Solution: _reg() checks if the target path matches sys.modules["__main__"].__file__ and aliases instead of re-executing. See quickcat_loader.py lines 49-55.
Gotcha: Code at module level in shared modules runs every time the module is loaded.
Solution: Isolate heavy imports behind register_*() helpers so unrelated scripts don't pay the cost. Example:
# harvest_metadata.py imports httpx at module level — this is fine,
# but quickcat_loader defers its registration so only scripts that
# call register_copy_cataloger() load it.
# In quickcat_loader.py:
def register_copy_cataloger():
"""Deferred because harvest_metadata imports httpx/tenacity at module level."""
_reg("harvest_metadata", ROOT / "skills/copy-cataloger/scripts/harvest_metadata.py")Gotcha: Scripts define _load_config() at module level but call it inside runtime functions (e.g., orchestrate(), harvest_metadata()). The real config.json must exist at the repo root for production use, but tests should mock it to avoid file I/O.

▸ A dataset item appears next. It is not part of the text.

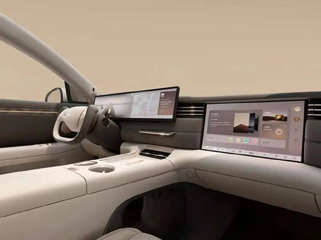 内饰方面,新车会提供全新深/浅大地灰主题内饰,采用 27.1 英寸 5K MiniLED 中控双联屏 +15.6 英寸 3K MiniLED 副驾娱乐屏,搭载 AIOS1.0 交互系统,空调出风口也很好地与整个中控台相融合,更具层次感。同时,车辆还在中央扶手区域配备了无线充电面板和水杯架,下方是镂空的储物空间。此外,新车会提供半辐和全辐方向盘造型供选择,并在左右两侧配备滑动旋钮。
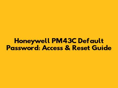 Honeywell PM43C Default Password: Access & Reset Guide

Solution: Use the shared mock_config_factory fixture from conftest.py:
async def test_example(mock_config_factory):
mock_config_factory(harvest_orchestrator, {"org_code": "TEST_ORG"})Gotcha: Testing merge/consensus logic requires multiple metadata sources, otherwise the loop never executes.
Solution: Always test with sources=["loc", "nls"] or similar to trigger records[1:] loop. See test_orchestrate_full_harvest_workflow().
Gotcha: Async functions without the decorator won't run under pytest.
Solution: Add @pytest.mark.asyncio above async test functions. pyproject.toml sets asyncio_mode = "auto" so no manual asyncio.run() needed.